▶ **Work task**
Return an exact copy of the lines from the one holding "球掌门1月19日获悉:根据西" to the end of the data, including both the starting and final lines. Leave the pictures out.

Source records:
*** Block opens ***
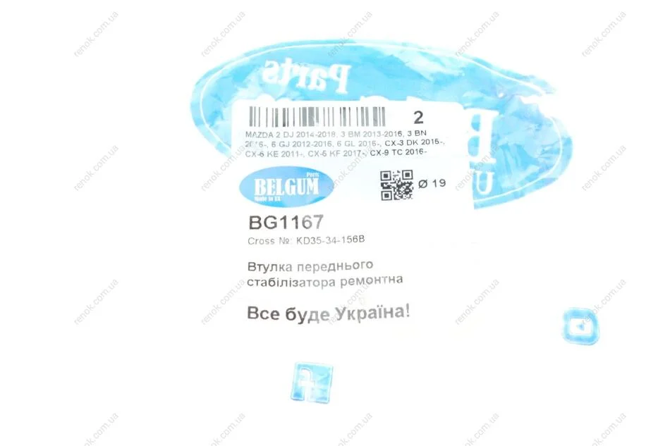 Втулка переднього стабілізатора MAZDA 2 DJ 2014-2018, 3 BM 2013-2016, 3 BN 2016-, 6 GJ 2012-2016, 6 GL 2016-, CX-3 DK 2015-, CX-5 KE 2011-, CX-5 KF 20 BELGUM PARTS BG1167
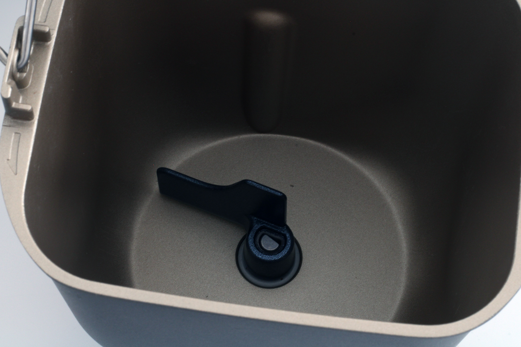 Die Backform ist mit ihren Maßen von 17 Zentimetern Breite, 13 Zentimetern Höhe und 13,7 Zentimetern Tiefe klein, was dem Single-Design des SD-PN100 entspricht. Die maximale Füllmenge wird im Brotbackprozess jedoch nicht ganz ausgeschöpft, da die Brote meist nur bis zu etwa zwei Drittel der Formhöhe aufgehen. Die Keramikbeschichtung der Backform bietet eine gute Antihaftwirkung: Das Brot bleibt nicht haften und lässt sich problemlos entnehmen – theoretisch. In der Praxis erweist sich der festsitzende Knethaken jedoch als Hindernis, da das Brot oft stark festhängt. Ein kräftiges Schütteln ist notwendig, um den Laib vollständig zu lösen, was gerade bei weichem Teig etwas Geduld erfordert.
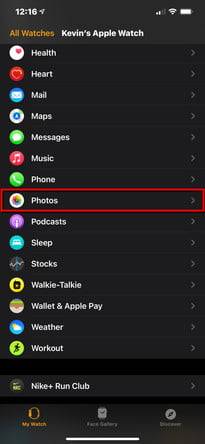 步骤6:在Apple Watch上,按Digital Crown(数字王冠)以加载应用程序屏幕,然后点击以打开Photos(应用程序)应用程序。
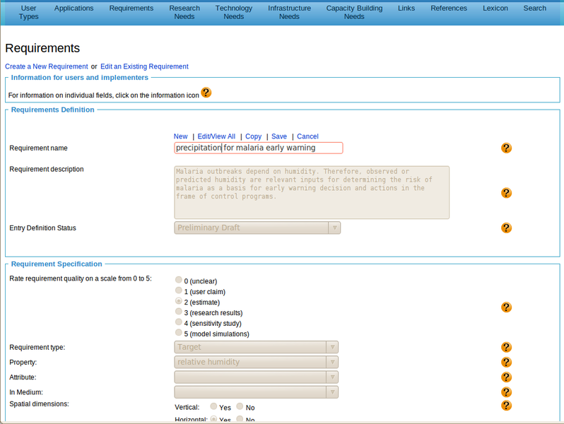 Copying Existing Entries If a form is populated with an existing entry, then the 'Copy' button can be used to create a copy of the entry as a template for a new but similar entry. In the example, we have populated the Requirements form with the entry for 'humidity for malaria early warning'. After clicking on 'Copy', the input field for the entry name (i.e., the term name field) is blank, while all other fields are gray, i.e., they cannot be edited. We now enter the name of the new entry we would like to create out of the copy. In our case, the new entry has the name 'air temperature for malaria early warning'. |
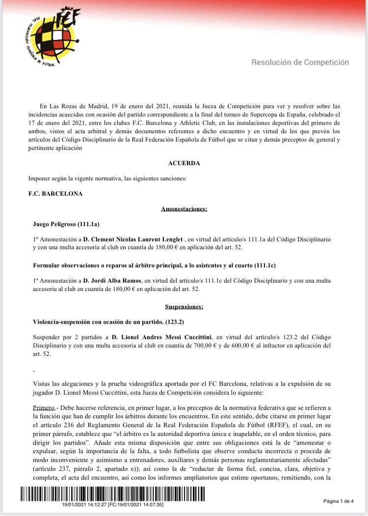 球掌门1月19日获悉:根据西班牙竞赛委员会的公告,梅西在西班牙超级杯决赛上的红牌被禁赛两场,同时罚款梅西600欧元,对巴萨俱乐部罚款700欧元。据悉巴塞罗那俱乐部已经对此提出上诉。
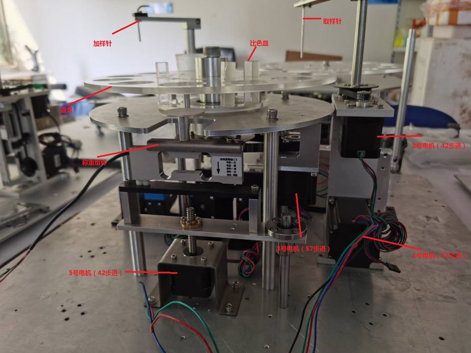 三、樣本杯中放入2g左右的樣本(我們儀器現在設置的樣本秤取范圍為1.8-3.0g之間),放入秤上,秤感應樣本重量在正常范圍之內后,圓盤轉動一個杯位(3號電機動作),再放入下一個樣本,再轉動一個杯位,以此類推,直至放入最后一個樣本,秤自動下降至原位(5號電機動作)。
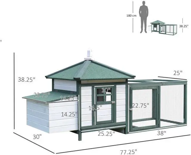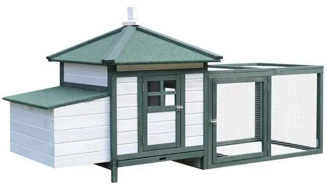 • Aosom 77" Wooden Chicken Coop Hen House Poultry Cage with Weatherproof Roof, Nesting Box, Enclosed Run and Removable Tray for Outdoor Backyard, Green
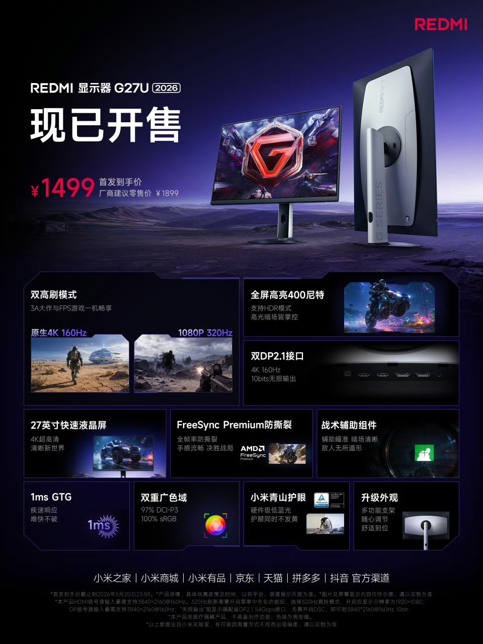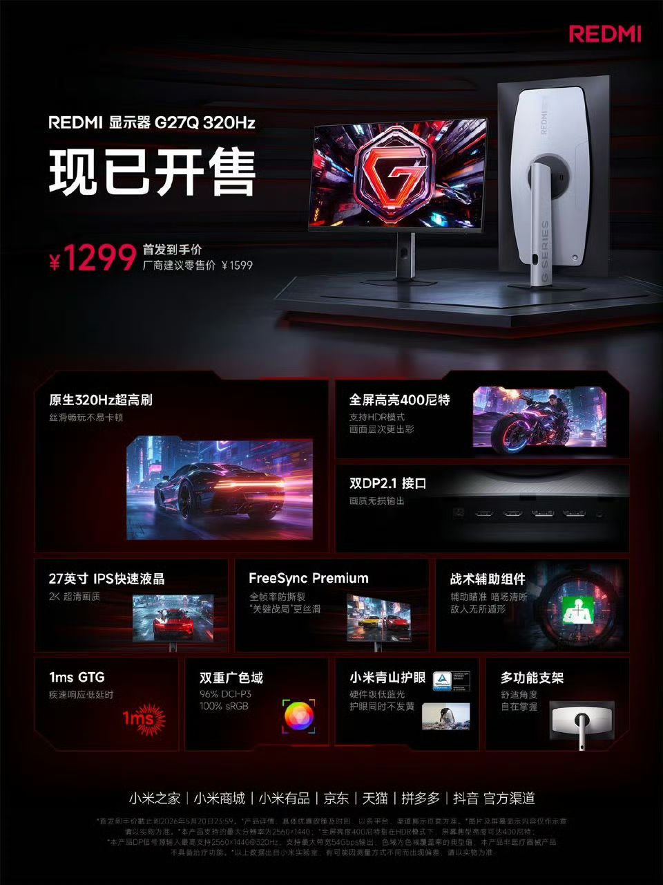 REDMI显示器G27Q 320Hz
*** Block closes ***
▶ **Answer section**
 球掌门1月19日获悉:根据西班牙竞赛委员会的公告,梅西在西班牙超级杯决赛上的红牌被禁赛两场,同时罚款梅西600欧元,对巴萨俱乐部罚款700欧元。据悉巴塞罗那俱乐部已经对此提出上诉。
 三、樣本杯中放入2g左右的樣本(我們儀器現在設置的樣本秤取范圍為1.8-3.0g之間),放入秤上,秤感應樣本重量在正常范圍之內后,圓盤轉動一個杯位(3號電機動作),再放入下一個樣本,再轉動一個杯位,以此類推,直至放入最后一個樣本,秤自動下降至原位(5號電機動作)。
 • Aosom 77" Wooden Chicken Coop Hen House Poultry Cage with Weatherproof Roof, Nesting Box, Enclosed Run and Removable Tray for Outdoor Backyard, Green
 REDMI显示器G27Q 320Hz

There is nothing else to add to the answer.